What fear? The fear of scarcity, the fear, of course, that you will run out of money, when the real fear you should have taken note of is the fear that you will live the final stage in an unhealthy, sedentary, sickly, and immobile state. While the hucksters and scammers promote Internet imagery of happy, thin, active old people, statistics tell the truth: 41% of Americans over 60 are obese, according to the CDC. Not overweight, OBESE. And the number is growing. When you factor in the number who are also overweight, the percentages are staggering. This is another way of saying that the best pension on earth won’t help you climb a ladder, dig in the garden, hike up Half Dome, or get an erection when you are not simply old, but morbidly fat as well.

If retirement were packaged as death prep, there would be a much smaller emotional price to pay when you quit working. You’d see retirement not as a new beginning, a time to take up tennis and volunteer at the library, but rather as a shit-or-get-off-the-pot turning point where you’d better spend every waking moment plotting and planning on how you’re going to stay lean, fit, and extremely active. Of course confronting that reality would lead to a radical reduction of the purchases and lifestyles that make people so sick to begin with, and which underlie the functioning of capitalism and consumerism. Retirement planning would become healthy living and it would start in your 20’s and capitalism would come crashing to a halt.

Instead of being pitched as a health and end-of-life proposition, retirement is sold as a business deal, which is about what you’d expect capitalism and big business to do.

My father died with dementia, barely mobile, overweight and alcoholic in a retirement that lasted barely ten years. His wife, a horribly obese woman many years his junior, took early retirement from Exxon and has struggled with more maladies than you can shake a stick at in a retirement that to me seems nightmarish at best.

My mother, thanks to a total inability to even imagine life without a paycheck continues into her 80’s doing contract psychiatric evaluations for the VA despite multiple cancers, what appears to me to be greatly diminished cognition, and incredible frailty. Her husband’s lifetime of being overweight has resulted in heart problems, knee surgery, and an existence that has locked him into the shell of a greatly enfeebled body, at least compared to when he was younger.

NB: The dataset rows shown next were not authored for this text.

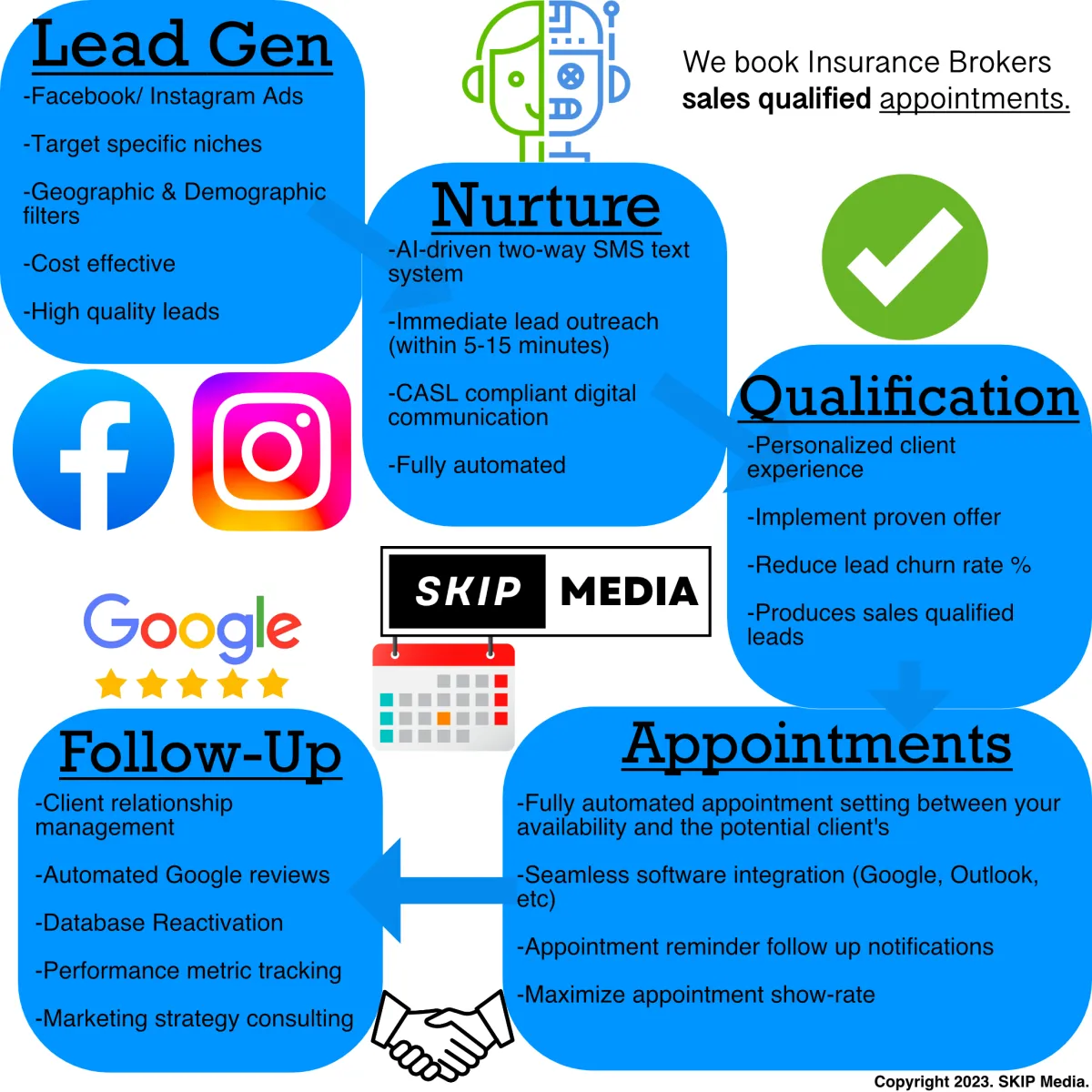 We handle your entire marketing process, starting with Lead Generation & AI driven Lead Nurture, then hand delivering your brokerage qualified Insurance client appointments.
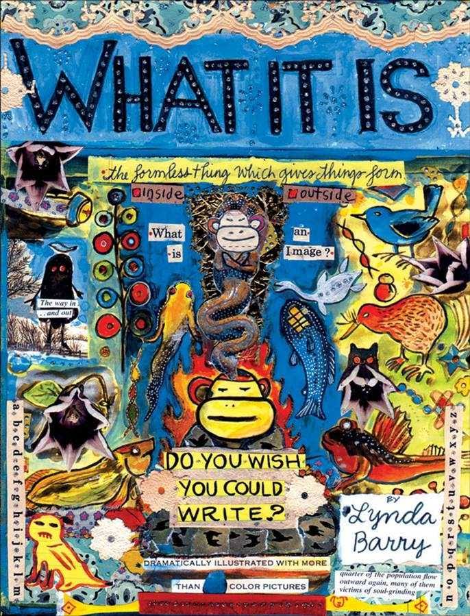 Lynda Barry’s works are phenomenal. I suggest you hop onto her website to take a look at her thinking, pedagogy, and resources…and to also enjoy an interactive look inside her books. (Some pictured here.)
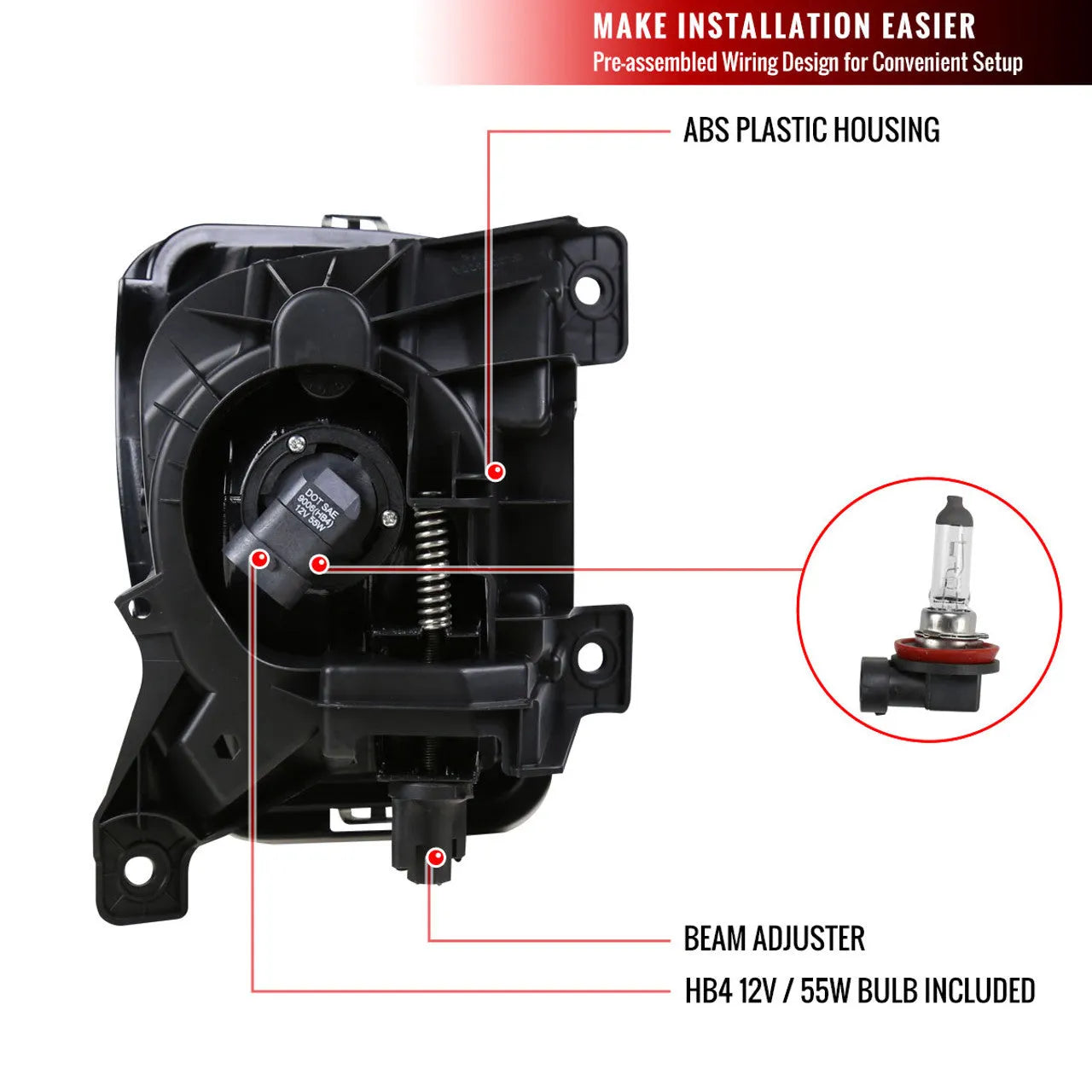 These fog lights are designed for direct replacement on 2013–2018 Dodge Ram 1500 models, excluding Rebel trims. The kit includes a pre-assembled wiring harness, relay, and an on/off switch, allowing for straightforward installation without the need for extensive modifications. While the installation process is user-friendly for those with basic automotive electrical knowledge, professional installation is recommended to ensure proper fitment and electrical safety. This helps maintain vehicle integrity and guarantees optimal fog light performance.
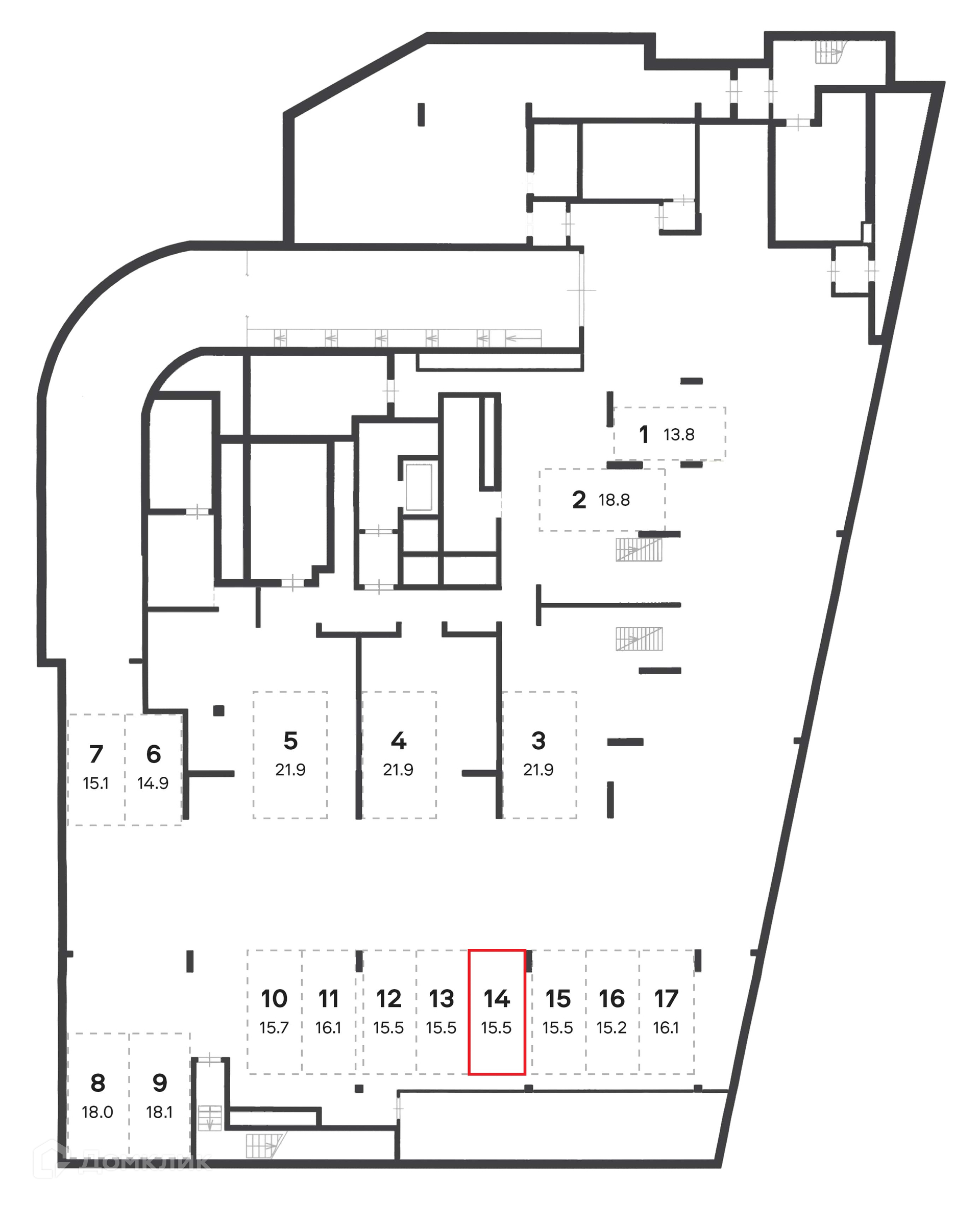Общая площадь 15.5 м2

These examples are actually good outcomes because, miserable and relatively immobile as they are, these folks are orders of magnitude better off than the millions who “retire” into facilities where the only life management strategy is sedation and restraint. And what’s ironic is that many people in the worst retirement scenarios, that is, sick and institutionalized, have great retirement portfolios that accounted for these very eventualities. Yet is that a good outcome? Wouldn’t it have been far better to retire with extraordinary health and a less robust portfolio instead of a great portfolio and dementia?

Dementia, obesity, and metabolic disease are precisely the outcomes for millions who have taken the bait and focused on the question “How much money will I have?” rather than “How healthy am I going to be?” All the money in my dad’s portfolio couldn’t save him from dementia or his wife from obesity, whereas an extremely active and vigorous life from his 40’s on would have greatly increased the chances that he’d be alive and happy today.

Retirement is preparation for death writ large. Ignore it at your peril.